Shares of Target (NYSE:TGT) recently took a hit when it was reported in an email to Bloomberg that Wal-Mart's (NYSE:WMT) February sales were a "total disaster." Target is one of my favorite dividend growth stocks and I am excited about the drop in share price, based purely on the rumored sales results of a competitor. While I generally look for a 10 - 15% dip before adding to a position, I believe that with great companies that are committed to raising their dividend, any drop in share price creates a buying opportunity.
Target Corp. is a dividend champion and has been raising its dividend for 45 consecutive years. It currently pays out $0.36 per share quarterly for an annual payment of $1.44 per share. At Friday's closing price of $61.71, the resulting yield is 2.30%. Dividend growth has averaged 18.6% annually for the last ten years and the growth rate has even accelerated over the last few years.
Target Dividend Growth Rate
The following chart shows the consistent dividend growth and low payout ratio for Target. Because Target is paying out less than 30% of its earning as dividends, there is significant room for growth even if earnings stay stable. Assuming a 15% dividend growth rate moving forward, shareholders will enjoy a 4.3% yield on cost in 5 years and over 8.5% yield on cost within 10 years based on the current share price.

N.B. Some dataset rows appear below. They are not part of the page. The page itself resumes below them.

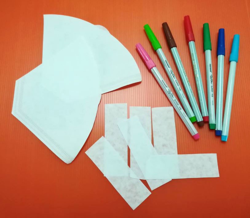 1. ตัดกระดาษกรองเป็นแถบยาวๆ 5 นิ้ว (ถ้าสั้นเกินไป สีจะไม่มีพื้นที่ให้วิ่งค่ะ)
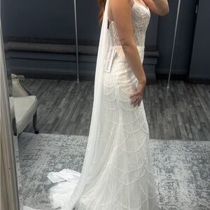 Stunning white wedding dress with intricate beadwork. Features a fitted silhouette and elegant straps.
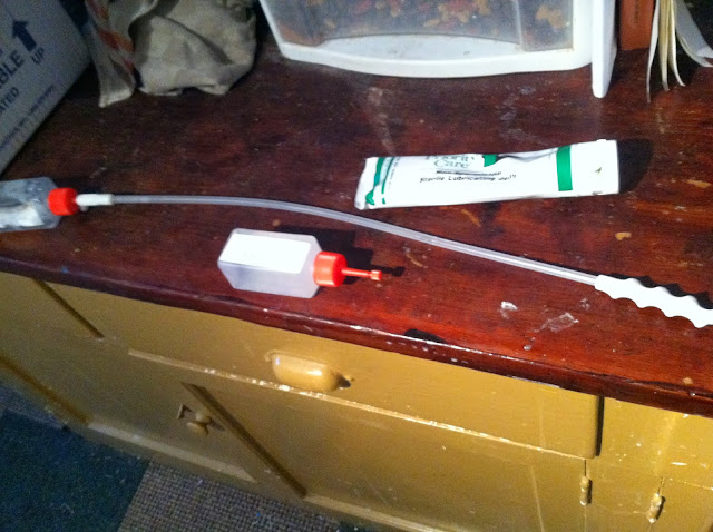 That long, catheter-like thing with the spiral on the end went all the way in her with maybe 2 inches to spare. The tube of stuff is lubricating jelly and the container with the red lid is the semen. The Label reads Speed Dial. Poor Roxie, never even got to meet Speed Dial. Here's a picture of him. I think he's pretty awesome looking.
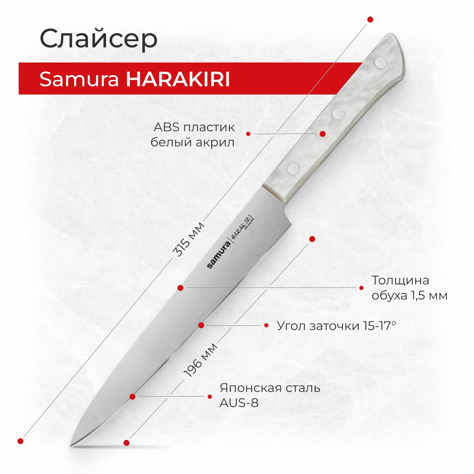 Отзывы на Нож кухонный поварской Samura Harakiri слайсер для нарезки профессиональный SHR-0045AW
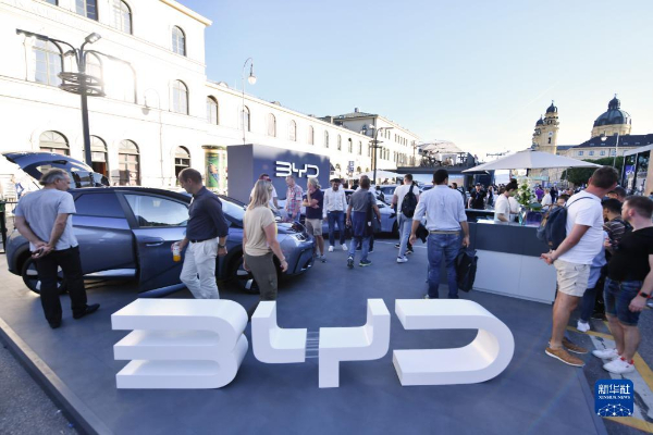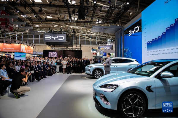 這是9月4日在德國慕尼黑國際車展媒體預展上拍攝的比亞迪發(fā)布會現(xiàn)場。
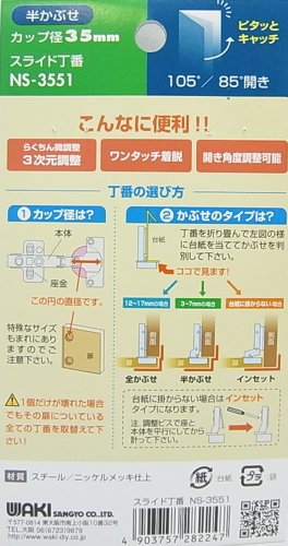 WAKI スライド丁番 キャッチ付 35mm 半かぶせ
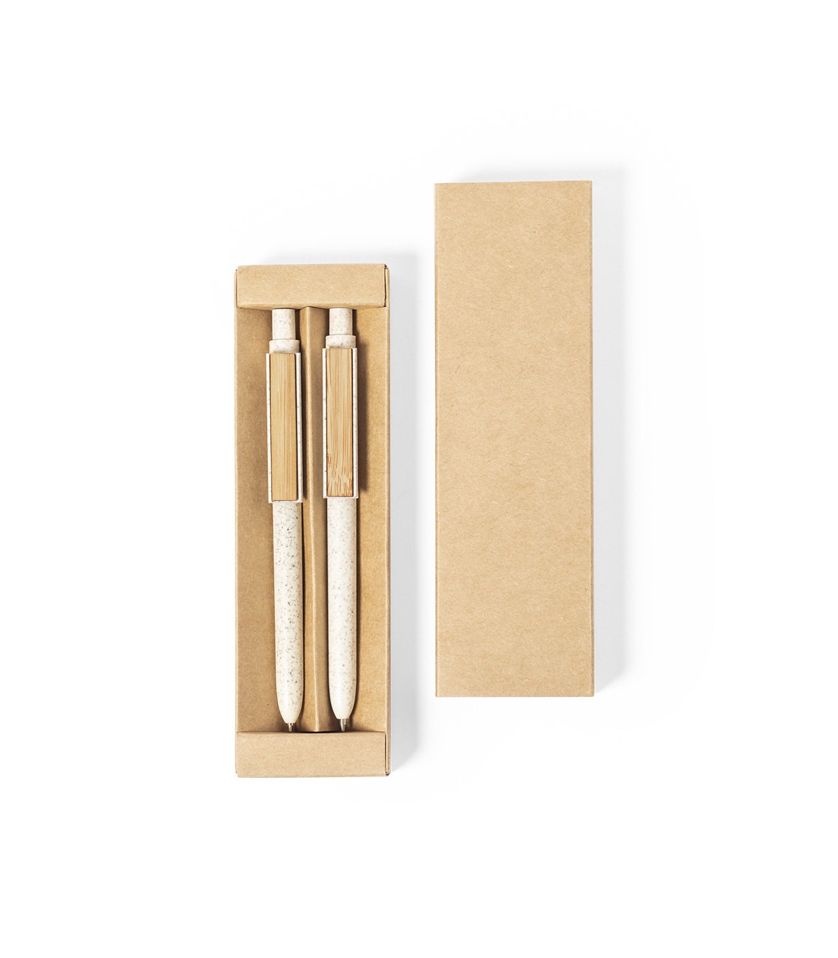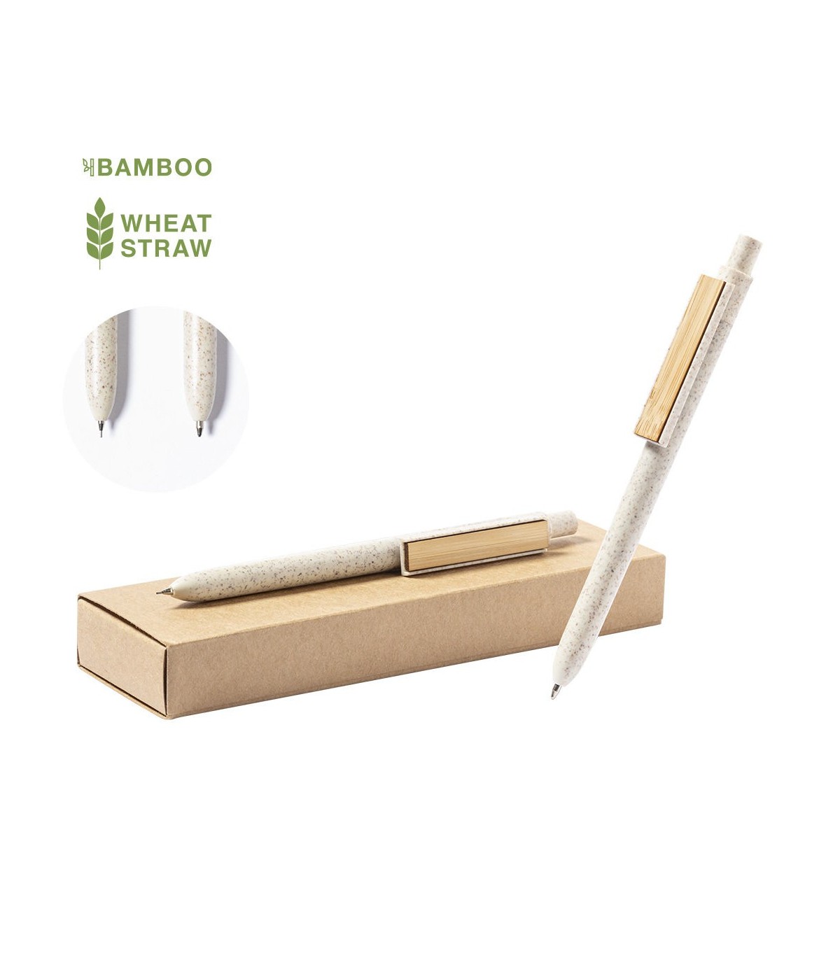Set de bolígrafo y portaminas de fabricación ecológica. elaborado en combinación de caña de trigo con clip en bambú, para así fomentar la utilización de materias primas naturales y reducir las emisiones contaminantes. Clip con amplia zona de marcaje. Bolígrafo en tinta azul y portaminas con 2 minas incluidas de 0,5mm. Presentado en estuche individual de cartón reciclado.Distintivo Wheat Straw en la parte superior del bolígrafo y portaminas.
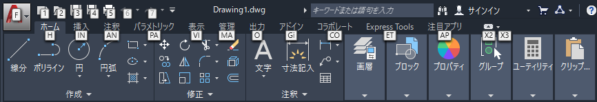 ポインティング デバイスの代わりにキーストロークを使用し、メニュー、クイック アクセス ツールバー、およびリボンで選択を行えます。現在のワークスペースで使用できるキーストロークを確認するには、[Alt]キーを押します。

Target continues to grow revenues and earnings, which will allow them to continue their robust dividend increases. This chart shows how revenues have grown consistently since 2004 and earnings have a strong upward trend, with a small dip during the recent recession.
There are concerns that the recent payroll tax increase will put pressure on the entire retail sector, but Target recently reported that same-store sales rose 3.1% in January.
I will be looking for the Target share price to pull back even more if the retail sector hits a bump this quarter or the broader market declines. If Target dips to $60, it would have a yield of 2.4%, if it pulls back to $55, the yield would be 2.62%, and if it dropped all the way to $50, the yield would be a very solid 2.9%.
Target is a strong company that will give investors protection from steep share price declines and reward investors with a growing dividend payout. Target is an example of a stock I want to buy and hold for the long run and as I said before, every dip in price creates a buying opportunity.